I’m always early. To everything.
I get ready far sooner than I need to, resulting in sitting around for half an hour before I need to go out because I’m ready with time to spare. Seriously, there’s nothing to do with that remaining half hour. Because I have nothing to do I leave earlier than I need to, which results in sitting in my car for ten minutes. I never park close enough to things, so I guess it evens out by the fact that I have to walk further to venues than other people just because I don’t like stressful parking situations, which sometimes just involves someone seeing me trying to park which makes me nervous so I do something strange.
I don’t mind this punctuality; one of the worst feelings in the world is being rushed, so by being ready early it means if something goes wrong (my hair has been known to take more time than expected) I have the time to deal with it.
If there’s a meeting for ten, I expect it to start at ten. If it’s starting at 10:40 I wonder why they told me to arrive at ten. On the other hand, if I’m meeting a friend who’s ten minutes late I’m not going to get really annoyed. If they were forty minutes late, I would be annoyed. And left wondering if they care about me enough to spend time with me.
Because that’s what it comes down to for me: do you care for me and want to spend that time with me. If someone’s an hour late (without good reason), I’m left wondering why they didn’t want to show up earlier and if they respect the fact that I’ve been waiting for them. Being late isn’t just about the person that’s running late; it’s about the person who’s left waiting.
I’m not trying to offend anyone; being late is pretty normal and accepted these days, and if you’re a bit late I’m not going to mind. It’s the thought behind it and whether or not someone’s time is respected and seen as worth it.
Being late? Do what you want. But make sure the person you’re late for knows you’re thankful for them and thankful that they waited for you.

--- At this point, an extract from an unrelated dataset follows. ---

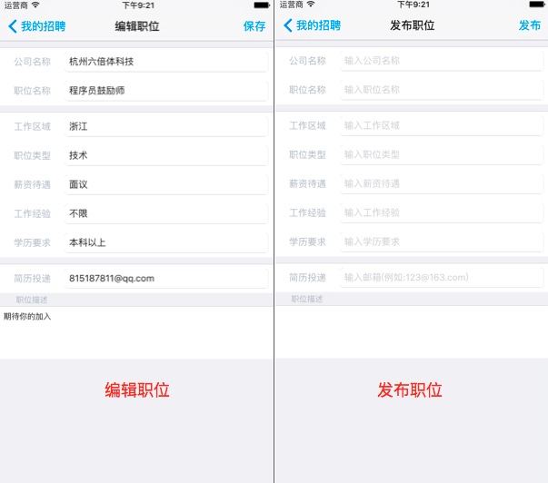 更新或添加的网络操作,何不一开始就操作它的属性呢?点击职位列表的Cell进入职位编辑界面会将jobId传入JobViewController,发布则

Also, time doesn’t matter as much to others. Someone else might not mind if you’re an hour late. But to me it’s important. So I guess it’s also knowing your audience and relationship and knowing if it is important to them to try and be five minutes earlier rather than fifteen minutes later. Just because time is such a big thing for me, doesn’t mean it’s big for someone else. So again, I’m not trying to offend or throw shade at anyone. It’s simply what I’ve been thinking as I sit here with half an hour to spare because I’m ready to go out way earlier than need be.
On the plus side, because I decided to blog in my half hour before needing to leave the house, I’m now running late. Which, by my standards, means I’m precisely on time.